Islam and Democracy: One other related misconception about Islamist groups is that all of them renounce the democratic process. Again, some have historically viewed (and currently see) democracies as “man-made” or “Western” and thus unacceptable to them. However, many more Islamist groups have not only seen a compatibility between Islam and Democracy, but have also worked within that electoral system. In fact, the debate as to whether Islam could operate within a democracy was questioned in the early periods of the “Islamic revival,” but in recent decades, many of the Islamists not only argued that a compatibility was there, but they began to mobilize to contest the ruling regimes in these elections. Moreover, once some of them have gained seats in government, they have shown a willingness to work with non-Islamist groups (2012).

One other misconception centers on the more idea of religion and politics. For many, they have a mistaken belief that Islam is the only religion that has within it political movements. However, this is not the case. Various religious traditions have political-religious movements that have attempted to advance religion in the political sphere. While we have terms like Political Islam or Islamism, one could equally argue that a term such as Political Christianity or Political Hinduism would be equally fitting. In fact, there are many Christian parties in Europe, Hindu-based parties in India, Political parties concentrated on Judaism in Israel, etc… The relationship between political and religion is far from  unique to Islam.

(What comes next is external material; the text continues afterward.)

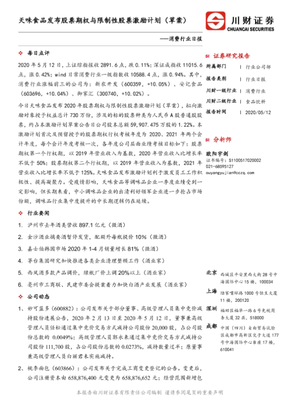 【川财证券】【20200512】天味食品发布股票期权与限制性股票激励计划(草案)-3页 证券期货研究报告

Then, if this is the case, why do we spend so much time focusing on Islamism as opposed to these other similar religious parties within other faith traditions? Ayoob argues that “…Most other religio-political movements either emanate from Western societies or, like the Hindu manifestation of politicized religion, do not challenge Western hegemony, but seek rather to accommodate themselves to it. However, Islamists stubbornly refuse to accept the current distribution of power in the international system as either legitimate or permanent. Islamist movements, including the vast majority that work peacefully within existing political systems, continue in multi-farious ways to challenge not only the domestic status quo but the international status quo as well” (10). Now, it is not that they are looking to push this notion of Islamic Law throughout the world. Rather, many of these parties were built on not only Islamic principles, but they were also founded during colonialism, and as a protest movement to Western (or non domestic) foreign policies. Thus, it has been argued that some “Islamists manipulate this general sense of disenchantment and anger to advance their own agendas against American-supported regimes in the Muslim world” (Ayoob, 2004: 11).

Conclusion

In this article, we have examined the idea of Islamism (Political Islam) in the context of domestic politics and international relations. We have examined the history of Political Islam, as well as having addressed misconceptions about Islamism. We recommend that you read our other pages on groups such as the Muslim Brotherhood, Ennahda, the PJD in Morocco, the different Islamist actors in the Libyan Civil War, etc…

 

References

Ayoob, M. (2004).Political Islam: Image and Reality. World Policy Journal. Fall 2004, pages 1-14.

Esposito, J. Claiming the Center: Political Islam in Transition. Harvard International Review.

Hamid, S. Temptations of Power. Oxford, England. Oxford University Press.

Muedini, F. (2014). The Role of Religion in the “Arab Spring”: Comparing the Actions and Strategies of the Islamist Parties. Oxford Handbooks Online. July 2014, pages 1-13.

Wright, R. (2012). Chapter 1: The Middle East: They’ve Arrived, pages 1-12. in The Islamists are Coming: Who They Really Are. April, 2012. Washington, D.C. Brookings.